REQUIREMENT:
Starting at the line that contains "随后,邓伦通过个人微博发布致" and stopping at the line that contains "최근 5년간 여름철 화재", transcribe every line of the material below exactly; pictures stay out.

──────

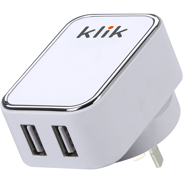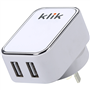 KLIK DUAL PORT USB 15W WALL CHARGER WHITE
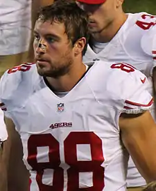 Garrett Bartholomew Celek[1] (born May 29, 1988)[1] is a former American football tight end who played his entire career for the San Francisco 49ers of the National Football League (NFL). He played college football at Michigan State. Celek signed with the 49ers as an undrafted free agent on May 4, 2012. He is the brother of former Philadelphia Eagles tight end Brent Celek.
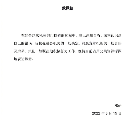 随后,邓伦通过个人微博发布致歉信称,已深刻认识到自己的错误,并接受税务机关的一切决定,愿意承担一切责任及后果。
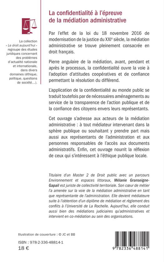 Par l'effet de la loi du 18 novembre 2016 de modernisation de la justice du XXIe siècle, la médiation administrative se trouve pleinement consacrée en droit français. Pierre angulaire de la médiation, avant, pendant et après le processus, la confidentialité ouvre la voie à l'adoption d'attitudes coopératives et de confiance permettant la résolution du différend. L'application de la confidentialité au monde public se traduit toutefois par de nécessaires aménagements au service de la transparence de l'action publique et de la confiance des citoyens envers leurs représentants. Cet ouvrage s'adresse aux acteurs de la médiation administrative: à tout médiateur intervenant dans la sphère publique ou souhaitant y prendre part mais aussi aux représentants de l'administration et aux personnes responsables de l'accès aux documents administratifs. Enfin, cet ouvrage nourrit la réflexion de ceux qui s'intéressent à l'éthique publique locale.
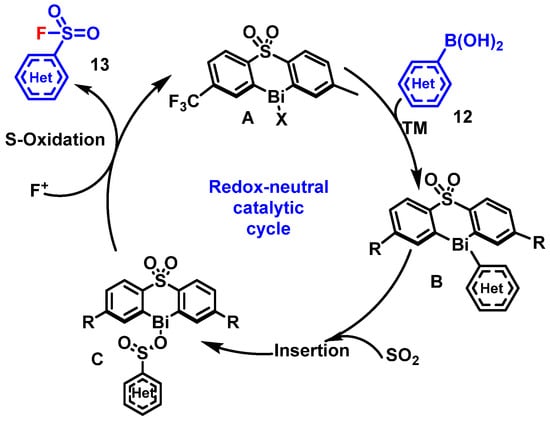 The proposed mechanism begins with the Bi(III) catalyst undergoing transmetalation with the aryl boronic acid 12 to give the triarylbismuth species B. Then, the sulfur dioxide insertion into the Bi–C(sp2) bond of B generates the bismuth sulfinate intermediate C, which adopts an O-bound coordination mode due to the oxophilicity of bismuth. Intermediate C is subsequently oxidized at the sulfur (not bismuth) center by Selectfluor 2, yielding the final sulfonyl fluoride product 13 and regenerating the A catalyst (Scheme 9).
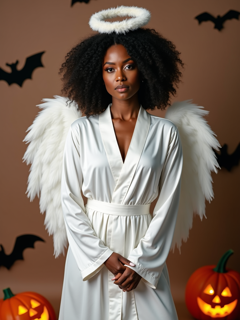 A model dressed as an angel, wearing a white robe with wings and a halo, posing against a Halloween backdrop with carved pumpkins and bats.
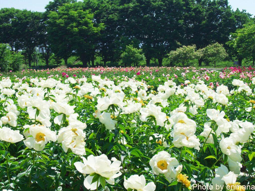 写真に写っているのは、しゃくやく園で、左側の方にも園が広がっていますよ。
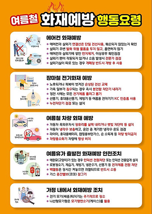 최근 5년간 여름철 화재 41,826건에 달해..주요 요인은 전기적요인, 안전수칙 준수 당부
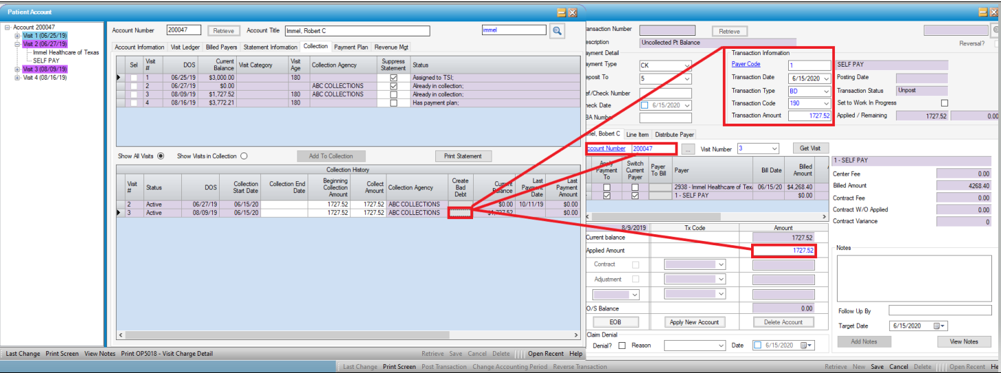 - To write off the balance to bad debt at the time of collection assignment, select the function key in the "Create Bad Debt" column, which will open that transaction in the Payments And Adjustments form. Payer Code, Transaction Type, Transaction Code, Transaction Amount, Account Number, Visit Number, and Applied Amount will all populate based upon this selection. Click Save and post the transaction, either directly from the Payments And Adjustments form (if permissions allow) or via Transaction Posting.
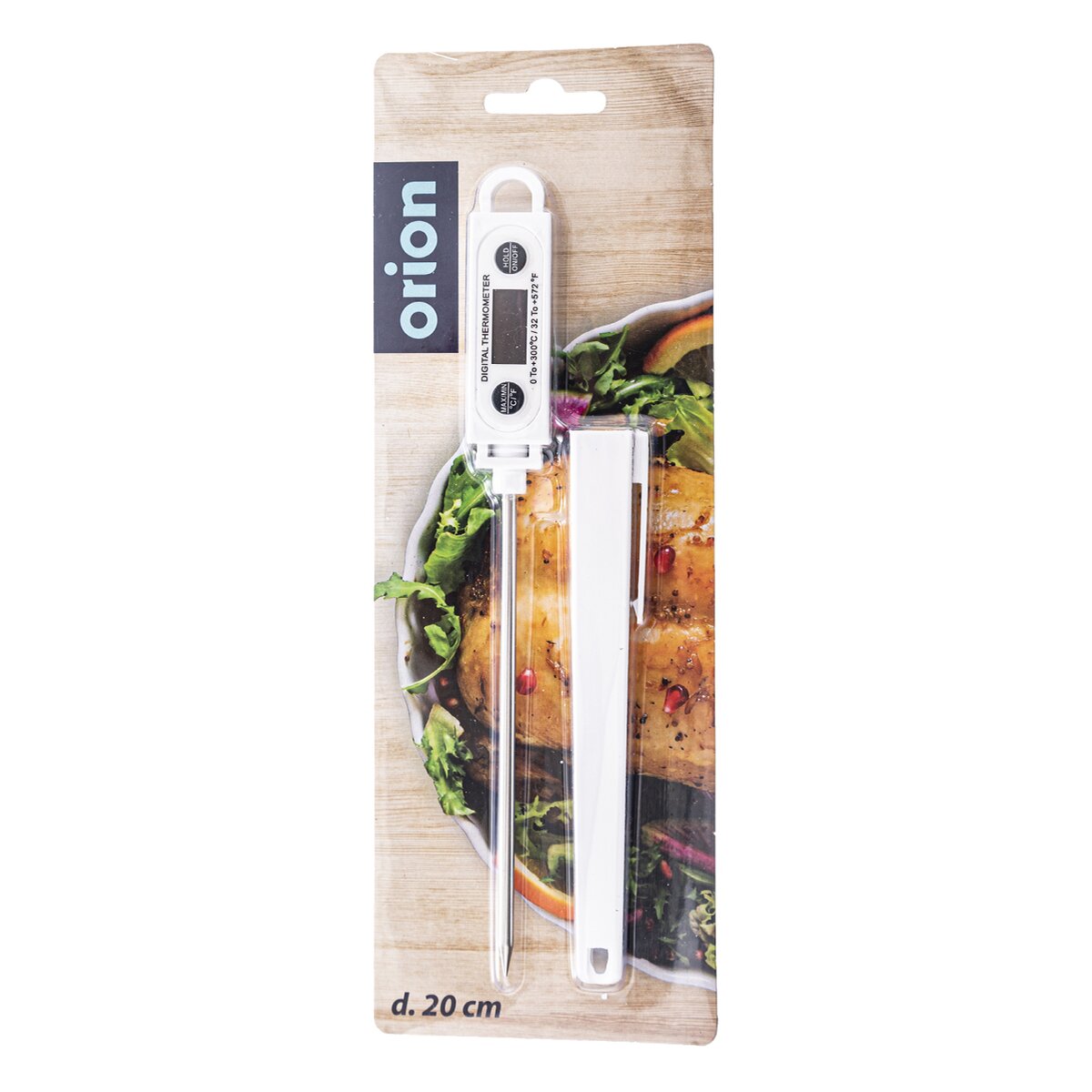 Kód produktu 152829Digitální kuchyňský teploměr o délce 20 cm s plastovým krytem. Měří od 0 °C do 300 °C nebo od 32 °F až 572 °F.
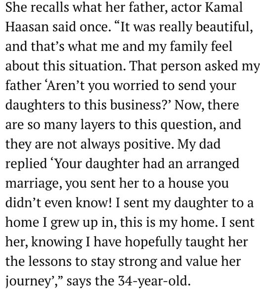 What the actress Shruti Hassan said reminds me of what my dad said when someone asked him, why would you want to send your only child so long away to Delhi for further studies.

──────

TASK RESPONSE:
 随后,邓伦通过个人微博发布致歉信称,已深刻认识到自己的错误,并接受税务机关的一切决定,愿意承担一切责任及后果。
 Par l'effet de la loi du 18 novembre 2016 de modernisation de la justice du XXIe siècle, la médiation administrative se trouve pleinement consacrée en droit français. Pierre angulaire de la médiation, avant, pendant et après le processus, la confidentialité ouvre la voie à l'adoption d'attitudes coopératives et de confiance permettant la résolution du différend. L'application de la confidentialité au monde public se traduit toutefois par de nécessaires aménagements au service de la transparence de l'action publique et de la confiance des citoyens envers leurs représentants. Cet ouvrage s'adresse aux acteurs de la médiation administrative: à tout médiateur intervenant dans la sphère publique ou souhaitant y prendre part mais aussi aux représentants de l'administration et aux personnes responsables de l'accès aux documents administratifs. Enfin, cet ouvrage nourrit la réflexion de ceux qui s'intéressent à l'éthique publique locale.
 The proposed mechanism begins with the Bi(III) catalyst undergoing transmetalation with the aryl boronic acid 12 to give the triarylbismuth species B. Then, the sulfur dioxide insertion into the Bi–C(sp2) bond of B generates the bismuth sulfinate intermediate C, which adopts an O-bound coordination mode due to the oxophilicity of bismuth. Intermediate C is subsequently oxidized at the sulfur (not bismuth) center by Selectfluor 2, yielding the final sulfonyl fluoride product 13 and regenerating the A catalyst (Scheme 9).
 A model dressed as an angel, wearing a white robe with wings and a halo, posing against a Halloween backdrop with carved pumpkins and bats.
 写真に写っているのは、しゃくやく園で、左側の方にも園が広がっていますよ。
 최근 5년간 여름철 화재 41,826건에 달해..주요 요인은 전기적요인, 안전수칙 준수 당부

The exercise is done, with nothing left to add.